第25話 謎の称号
「……イト、ライト!」
誰かが俺の名前を呼んでいる。まだ重たい瞼を開くと目の前には心配そうな顔をしたアリスの姿があった。
「おはよう」
「ようやく起きたか。全く起きぬから心配になったぞ」
「んな大げさな」
ふわあっと大きな欠伸をする。この世界に来てからというもの常に神経をすり減らしていたりダンジョン内では敵を警戒したりとしていたためここまでぐっすり眠れたのは久しぶりだ。
寝心地が悪すぎて体中痛いけど。
「そんな寝てたか? 俺」
「正確には分からんが妾が起きてから二日くらいは寝ていたと思うぞ?」
「なんだ二日か……二日!?」
それもアリスが起きてから二日だと? そんなに寝ててよく死んでなかったな、俺。
「それは確かに心配になるな」
「だろう?」
体を動かしてみたところこれといった不調はなさそうだ。強いて言うなら滅茶苦茶腹が減ってるのとのどが乾ききっていることか。
とりあえず収納から水袋を取り出し、ごくごくと勢いよく飲み始める。ふう~、生き返る~。

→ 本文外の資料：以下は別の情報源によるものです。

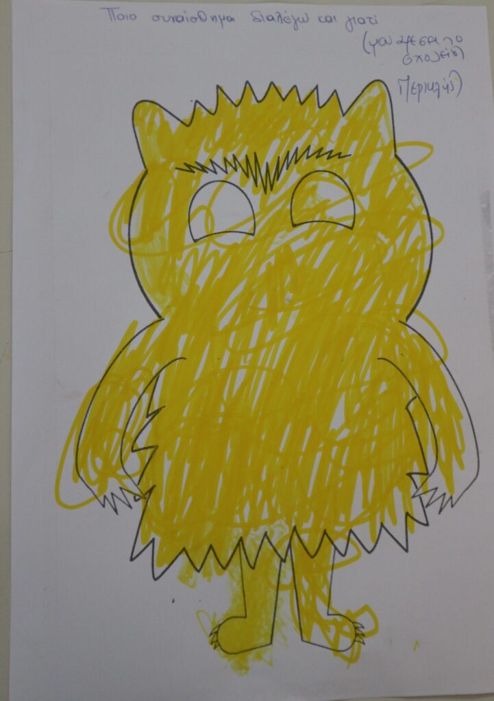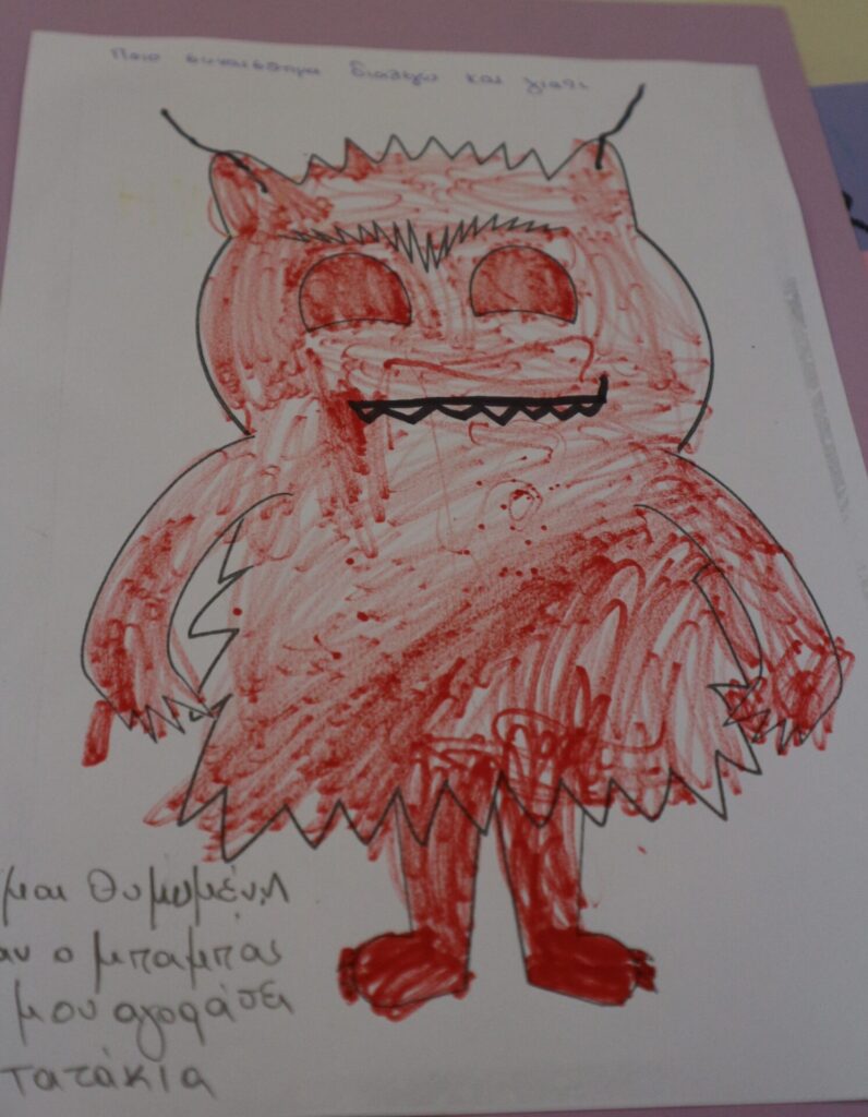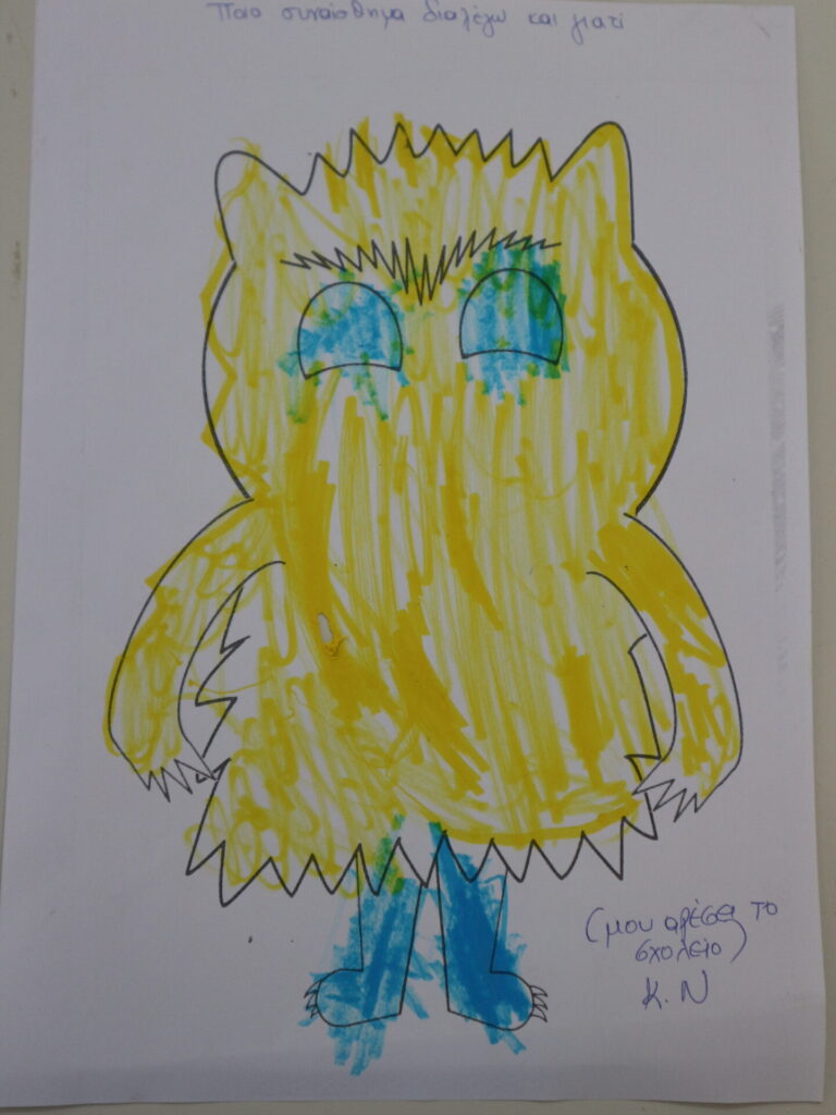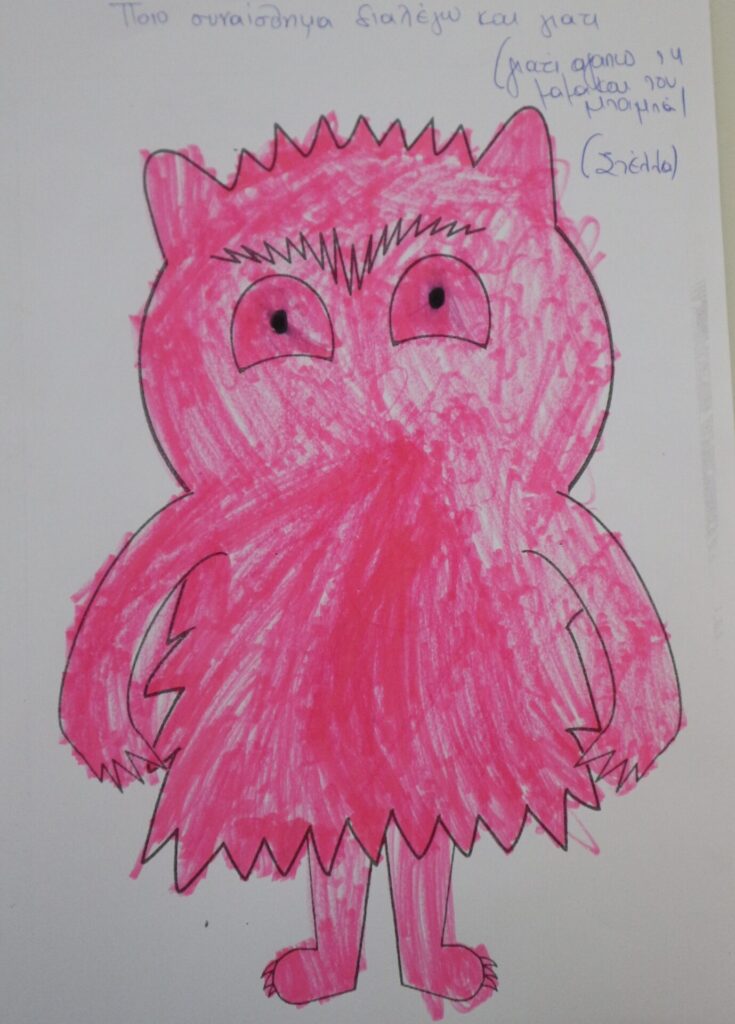 Ανάλογα με το πως αισθάνονται την συγκεκριμένη στιγμή , ζωγραφίζουν το τερατάκι με το αντίστοιχο χρώμα. Αιτιολογούν την απάντηση τους.

「その……すまなかったな。妾が気絶してしまったせいでライトにはかなり苦労をさせてしまった」
「そんなこと気にするな。ダンジョンでは助け合いが当然だ。それに今までのボス戦とかはアリスの方が活躍してたからな。すまないというのならこちらこそだ」
「ふむ、そうか。ならばせめて感謝の気持ちだけでも伝えておこう。ありがとうな」
顔を覗き込んでニコリと微笑みながらアリスが言う。
俺はその光景に少し見惚れてしまう。ただでさえ整った顔をしているアリスから至近距離でしかも満面の笑みで改めてそう言われて、そういう耐性の無い俺からすればそうなってしまうのは必然的であった。
「な、何か言え!」
アリスもアリスで俺が何も発さないのが気まずくなったのか、プイッとそっぽを向いてしまう。
「す、すまんな。つい」
可愛かったから。そう後に続く言葉は心の中に締まったまま気を紛らわせようと自身に鑑定スキルを発動させる。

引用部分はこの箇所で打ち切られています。